Die Skilift-Parkplätze auf der Ostseite des Monte Zoncolan in Friaul sind ein toller Übernachtungsplatz. Außer mir sind nur zwei slowenische WoMos hier gestanden. Am Morgen beträgt die Temperatur 13 Grad. Der Himmel zeigt eine Mischung aus Blau und Wolken.
Ich fahre noch einmal auf den Monte Zoncolan, da heute die Sicht besser ist. Ein paar italienische Wanderer sind schon vor mir da. Ich überlege, ob ich eine Wanderung unternehmen soll, aber das Wetter ist unbeständig, die Vorhersagen sind sich nicht einig, wann es zu regnen beginnen wird. Deshalb fahre ich weiter, zunächst auf der Ostseite (die nicht ganz so steil ist) ins Tal.
Auf dieser Seite des Berges kommt man sich fast vor wie auf einer Autobahn.
Vor mir erhebt sich der Monte Siera (2443 m). Der Parkplatz ein paar Kilometer vor Sappada liegt zwar direkt neben der Hauptstraße, in der Nacht dürfte es aber sehr ruhig sein.
Ich weiß nicht, wie lange ich in Cima Sappada in der blauen Zone stehen darf, darum setze ich nach ein paar Fotos den Weg fort.
Der große Stellplatz in Sappada hat schlechte Kritiken bekommen: zu teuer, Kreditkartenzahlung funktioniert nicht, Strom funktioniert nicht.
Ich sehe eine Tankstelle mit dem bisher besten Dieselpreis in Italien (1,959 Euro), darum fülle ich Ludwigs Tank. Auf einem Parkplatz in San Pietro di Cadore ...
... mache ich Mittagspause (Weckerl mit vegetarischer Wurst und Käse).
Für die Weiterfahrt nehme ich nicht die Hauptstraße, sondern mache zwei Umwege, zuerst rechts den Berg hinauf nach Costalta (es regnet leicht, hört aber bald wieder auf; weitere Regenwolken sind aber nicht fern und ich höre Donner), dann wieder hinunter und links hinauf nach Danta di Cadore.
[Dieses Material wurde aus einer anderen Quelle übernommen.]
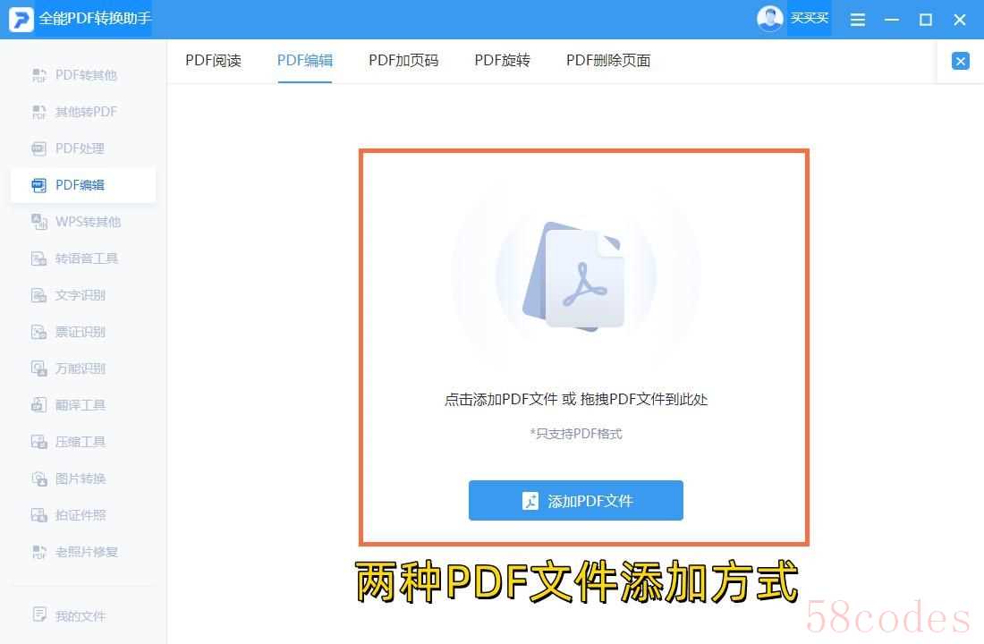 这时大家就可以根据个人习惯选择上传文件的方式,分别是一键拖拽法,或是点击【添加PDF文件】进行导入;

Beide Umwege sind eineinhalb bis zweispurig, zwar mitunter steil und mit engen Serpentinen, würden aber auch für Ludwig van Tourer kein Problem darstellen.
Wenn ein normalgroßes WoMo in Padola übernachten möchte (oder auch nur halten, um das Städtchen zu besichtigen), hat es Pech gehabt. Mit Ludwig Junior lache ich über Höhenschranken nur.
Um 14:20 erreiche ich den Kreuzbergpass (1636 m) und damit Südtirol sowie das Gebiet der Dolomiten (UNESCO-Welterbe) - gerade rechtzeitig, denn ab morgen bis Ende September ist das Parken hier gebührenpflichtig.
Ich fahre die Passstraße hinunter und biege in Moos links ins Fischleintal ab. Die Betreiber der Rotwand-Seilbahn haben kein Interesse an Kunden, die mit Wohnmobilen kommen, denn die Parkplätze sind für maximal 2,35 m hohe Fahrzeuge zugänglich (Parkverbot zwischen 22 und 5 Uhr).
Die Straße endet zwei Kilometer weiter bei der Fischleinbodenhütte. Parkgebühren: erste Sunde 5 Euro, jede weitere 2 Euro, maximal 15 Euro pro Tag.
In Sexten gibt es einen kleinen kostenlosen Parkplatz, auf dem auch WoMos (in Kastenwagengröße) unterkommen. Für ein paar Stunden kann man auch bei der Seilbahn gratis parken, aber dort muss man ein Ticket ziehen, damit sich der Schranken öffnet. Übernachten ist dort möglich, aber teuer (PKWs zahlen 30 Euro, Wohnmobile 40 Euro zusätzlich zu den sonstigen Parkgebühren).
Der Ort scheint nur aus Hotels zu bestehen. Abgesehen von der schönen Kirche versäumt man nicht viel, wenn man Sexten links liegen lässt.
Vor fünfeinhalb Jahren habe ich zwischen Innichen und Österreich bei einem Fußballplatz übernachtet. Ich überprüfe, ob das nach wie vor möglich ist - ja. Es schaut nach Regen aus.
Kilometerstand: 2208 km (126 km gefahren).